If those memories represented a catastrophic defeat for Draco Malfoy, then this moment — right now — was the chance for something different.

It was not too late.

Not too late to pull clear of all that filth and shame.

There was still time to protect the Malfoy name.

There was still time to make a different choice — to seize the moment before it slipped away as so many others had.

Those Death Eaters, those werewolves, those brutal and lawless creatures — they would never again set foot in Malfoy Manor. They would never again frighten his parents in their own home.

How he had come to possess these memories, or how he had found himself restored to eleven years old — those questions seemed almost secondary now.

What mattered was the time, and the place, and the fact that he was still here, with a choice ahead of him.

In his past life, Dumbledore had told him from the heights of the Astronomy Tower that he could still choose. That it was not too late.

He had hesitated — had wanted, in that moment, to try something different — but by then Dumbledore was already beyond saving, and the green light had flared, and the Dark Mark had burned against the sky.

He had missed that chance. And then, through hesitation after hesitation, he had watched every subsequent chance slip through his fingers until there was nothing left but ruin and regret.

But he had been reborn. He was safe. He was whole. And he had a choice.

Was this Merlin's doing?
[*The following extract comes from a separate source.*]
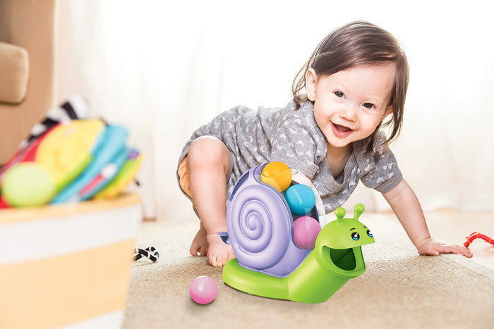 The adorable snail is full of fun! Drop the balls into the shell and watch them pop out of Shellby's mouth when you tap the tail, or when you roll Shellby along the floor! Includes four nearly-2" balls for lots of droppin', poppin', rollin' fun!

A warning? A second chance?

Draco did not want much.

He was not seeking any grand triumph.

He was not so arrogant as to believe that being reborn would make him capable of defeating the Dark Lord on his own.

At the very least — keep the Dark Lord from regaining his full strength. Use every advantage he possessed, every scrap of Slytherin cunning, to slow the resurrection and blunt the catastrophe. Trip him. Render him ineffective for as long as possible.

And ultimately — protect the Malfoy family. Protect the small world they had built. Protect the people who mattered to him.

The Malfoy family had weathered hundreds of years of storms and still stood on the plains of Wiltshire, unbowed. With all of these memories now his to draw from, why should they not have a fighting chance at escaping this particular storm intact?

Tomorrow, he would see Potter.

The indispensable piece in the puzzle of the Dark Lord's defeat. The foolish boy who had turned back for him at the last possible moment.

Eleven-year-old Potter — scruffy, underdressed, utterly unaware of what he was about to step into.

"Harry Potter," Draco said quietly, to no one but himself. "Let's start over."